Funding. Medical Research Foundation, World Health Organisation, Engineering and Physical Sciences Research Council, National Institute for Health Research.[d]
Introduction
Healthcare transmission of coronavirus disease 2019 (COVID-19) has been well documented throughout the pandemic1. Reports have cited hospital-onset COVID-19 infections (HOCIs) accounting for 12–15% of all COVID-19 cases identified in healthcare settings2, and as high as 16.2% at the peaks of the pandemic3. While their impact is yet to be fully quantified, HOCIs amplify the impact of the pandemic by seeding further outbreaks.
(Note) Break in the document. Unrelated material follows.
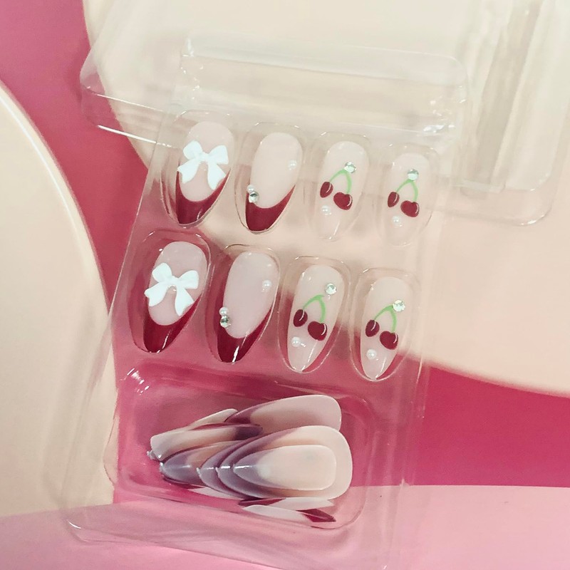 • Eye-catching Design: Beautiful red french almond medium length nails with cherry patterns and bow designs that will make you stand out in any occasion.

The ability to predict HOCIs can dramatically impact prevention and control reducing both illness and the workload burden experienced during outbreaks4. Traditionally, prediction has involved the identification of patient risk factors of disease acquisition by fitting statistical models to a combination of patient clinical variables (e.g., age, gender identity, co-morbidities) and hospital contextual variables (e.g., colonisation pressure, patient length of stay)5. Although such risk factors perform reasonably well, they however ignore the fact that the spread of infectious diseases depends largely on patient contacts6, which are heterogenous7 and variable over time8.
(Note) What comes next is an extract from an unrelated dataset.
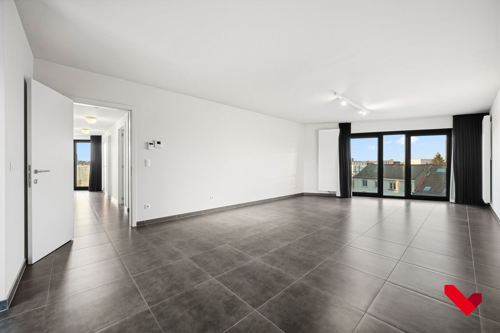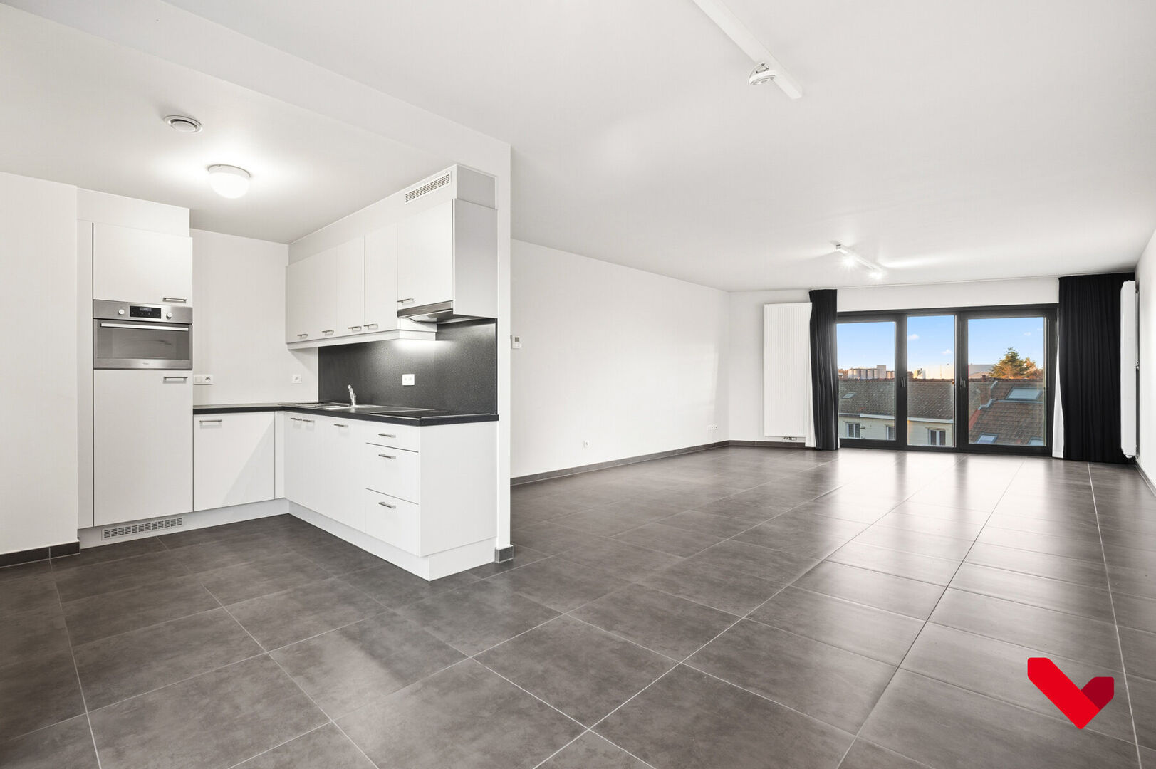 Newly built apartment in Residence Belle-Vue, located just behind Leuven station. The two-bedroom apartment is located on the top floor and has a beautiful view. Thanks to its excellent location, the apartment is an ideal base for people who want to use public transport, but also for those who prefer to travel by car, as it is close to the E314 motorway entrance and exit. Layout: Newly built apartment in Residence Belle-Vue, located just behind Leuven station. The two-bedroom apartment is located on the top floor and has a beautiful view. Thanks to its excellent location, the apartment is an ideal base for people who want to use public transport, but also for those who prefer to travel by car, as it is close to the E314 motorway entrance and exit. Layout: You enter the apartment through the entrance hall, which connects the living and sleeping areas, and leads to the living and dining room. This very spacious living and dining room has plenty of natural light and offers extremely pleasant views of Leuven at the front. Behind the dining area is a terrace where you can relax in the summer and enjoy views of Kessel-lo. Next to this is the open-plan, fully equipped, sleek kitchen, which is very comfortable. The other side of the apartment comprises two bedrooms and a pleasant bathroom with a sink and shower.

Isolation and cohorting of infected patients prevent onward spreading by interrupting transmission chains9.I Investigations of contacts to known infected patients have been an effective epidemiological tool for identifying at-risk secondary cases and disease ‘super-spreaders’10, and have played a pivotal role in national COVID-19 responses11–13. However, considering the full contact network (not just the direct links to known infections)provides greater depth to characterise disease spreading14. For example, early in the COVID-19 pandemic, population mobility and interactions guided national policy to reduce transmission15. In healthcare settings, the total number of direct contacts created by patient transfers has been found predictive of disease acquisition16–19. Yet these studies fail to take advantage of the rich predictive power present in the full dynamic contact networks to describe transmission routes20.